In this repository, we use the following tools:
- git for version-control (for more on version control, see
general principles: version control)
- for these purposes, git is a great version-control system so we don't complicate things any further. For an introduction to Git, see this introduction from Software Carpentry.
- Pixi for environment management
(for more on environment management, see
general principles: environment management)
- there are lots of environment management systems.
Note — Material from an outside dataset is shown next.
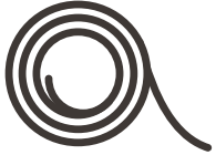
6' Sticker-Tite Rubber Gasket

Pixi works well in our experience and, for projects that need conda, it is the only solution we have tried that worked really well.
- we track the
pixi.lockfile so that the environment is completely reproducible on other machines or by other people (e.g. if you want a colleague to take a look at what you've done)
- pre-commit with some very basic settings to get some
easy wins in terms of maintenance, specifically:
- code formatting with ruff
- basic file checks (removing unneeded whitespace, not committing large files etc.)
- (for more thoughts on the usefulness of pre-commit, see general principles: automation
- track your notebooks using
jupytext
(for more thoughts on the usefulness of Jupytext, see
tips and tricks: Jupytext)
- this avoids nasty merge conflicts and incomprehensible diffs
- prefect for workflow orchestration
- relationship between this repo and https://github.com/PCMDI/input4MIPs_CVs
- this repo pulls information from the 'source ID' fine in input4MIPs_CVs, this file: https://github.com/PCMDI/input4MIPs_CVs/blob/main/CVs/input4MIPs_source_id.json
- in there, it is looking for keys like 'CR-*', to make sure that the 'source ID' (think unique ID) we use is 'registered'/known to in input4MIPs_CVs
- the trick we play is that we can point to a specific commit or branch of input4MIPs_CVs, and then this repo is still happy.
- the idea of input4MIPs_CVs is make sure that the wider forcings team is aware of what is coming and can manage some of the metadata around all of these different contributions (that come from different people)
- we write the files using this information, so we can't really get it wrong but doing it this way means this metadata is defined in one spot, so it's a bit easier to manage
This project was generated from this template: basic python repository. copier is used to manage and distribute this template.